For me, however, I participate in activities that help me lose myself. That are so attractive and entertaining that I forget how quickly time passes or that my body is tired. This activity should be a bit therapeutic, maybe even classified as a stress reliever. My boyfriend sometimes attempts to play videos games to help him stop worrying, if only for a time. I, however, do drag. I cake myself in makeup, creating a piece of art really, and I will often forget what time it is or that yesterday I had a complete breakdown because I worried that neighbors were staring at me.

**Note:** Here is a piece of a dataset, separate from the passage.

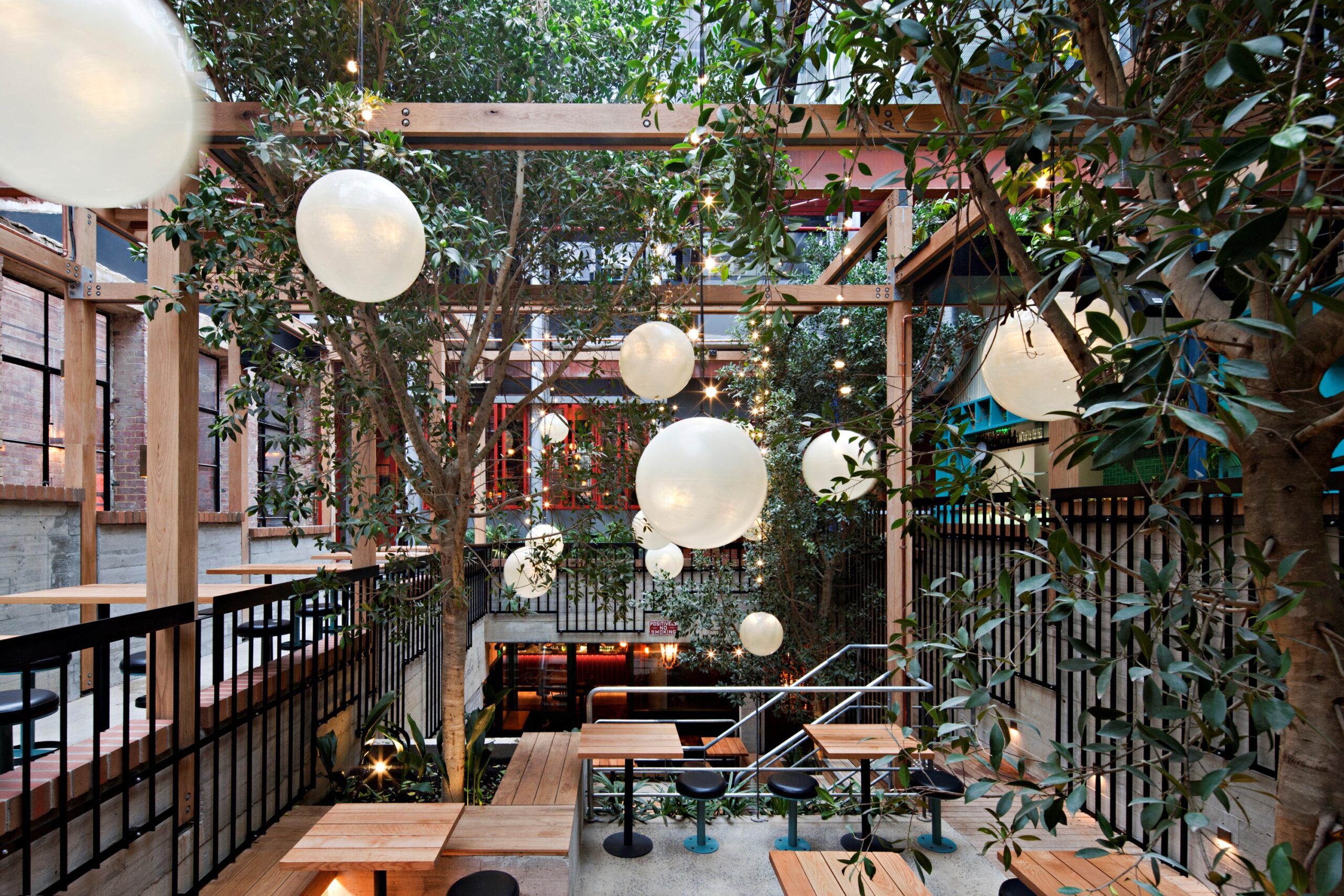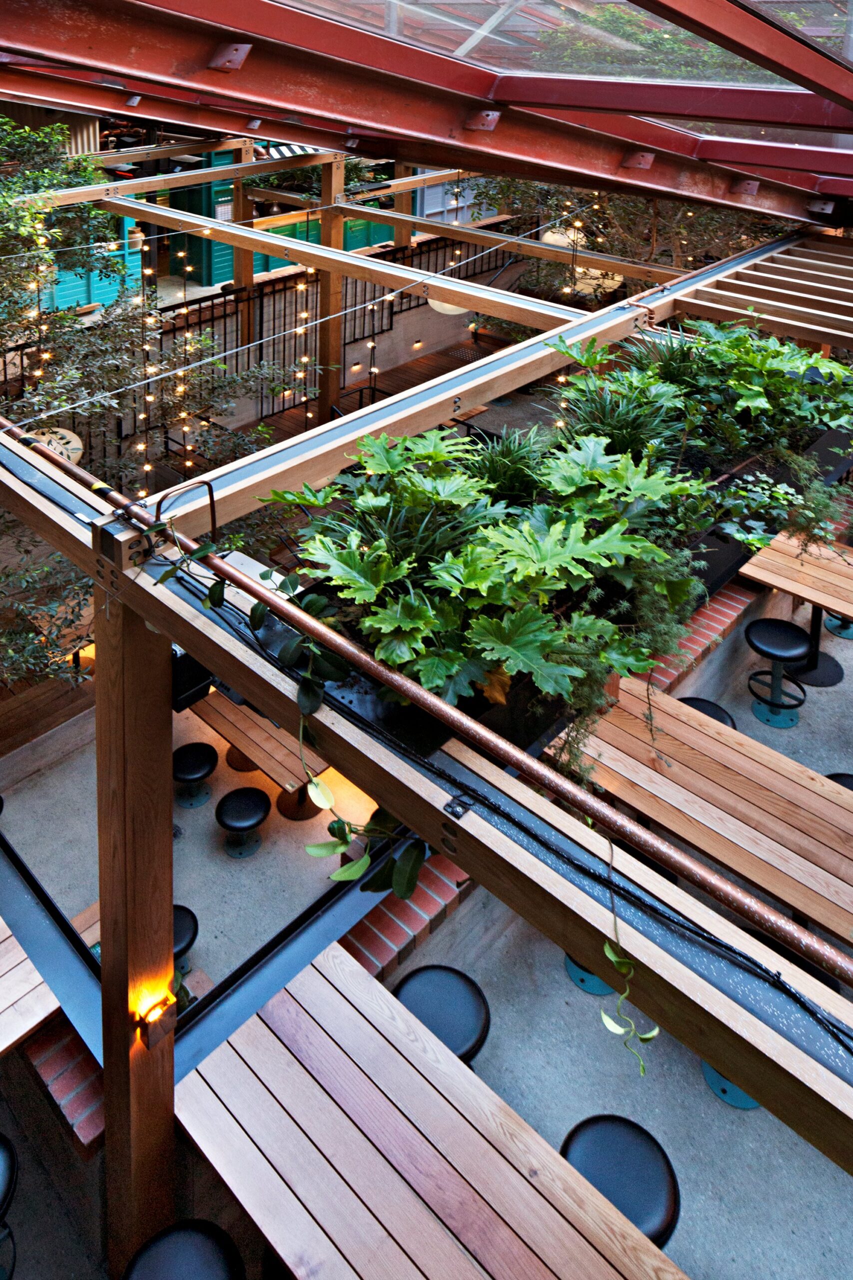 The Garden State is an ambitious 2000m² project, with a capacity for 840 patrons. It preserves much of the original textile factory’s shell and sawtooth roof while opening its central bays to form a terraced beer garden that has the feel of a reinvigorated industrial ruin, a layered hidden botanical haven to be explored.

Getting lost not only encourages resistance to worry, but it can also center your headspace. Have you every had a bout of worry and then suddenly you watched reality tv for an hour, and when you turned the tv off you reminded yourself of your worry. This is a prime example that it is not always or exclusively your situation and your body that define your worry, but it is that pesky self that is hexing you. And now we have a practice that helps us say, "hey you, yeah I get it. That's very sweet, but you need to leave." Having a mindful practice and a tactile practice can set you on your way to the happiness you deserve.
Step 3:
Find your tribe, you know, those people that get you, who understand you a little bit better than others, who share your interests. It is great to be mindful of the self and to have practices to escape it, but it can be quite difficult to do so on your own without someone to talk about the things that interest you using the appropriate lingo, and being a part of a community that shares an understanding as well as a vocabulary.
For example, I love talking about Drag Race. I love it so much I watch people on YouTube talk about it and I pretend I'm right beside them laughing and providing my opinions. Whenever I feel a little bit alone in the world because my ego is defining myself as having no friends, YouTube is a great place to reach out to a world of people who share your interest in your meditative practice, be it mindful thinking or designing makeup. FaceBook, Reddit, Instagram and other places are also great but I feel YouTube is particularly accessible, easily genuine and also immediate.
For me, there is some weight in maintaining a channel and interacting with others. It is a place where I can share who I am and what my interests are by way of film, a very personal medium. And, I watch others be filmed, sharing their personal spaces as they do the things that define who they are and sometimes define who I am too, or at least the identities that are attractive and entertaining.
I hope these steps to mindfulness are useful for you wherever you may be in your day, week or life. Perhaps it could be useful to write these steps down in a cute notebook or on your fridge:
Step 1: Release Identity
Step 2: Get Lost
Step 3: Find Your Tribe
Let me know if you try this mindfulness practice or if you have any questions. It was a pleasure to be with you today and I hope you enjoy the rest of your wonderful splendiferous day.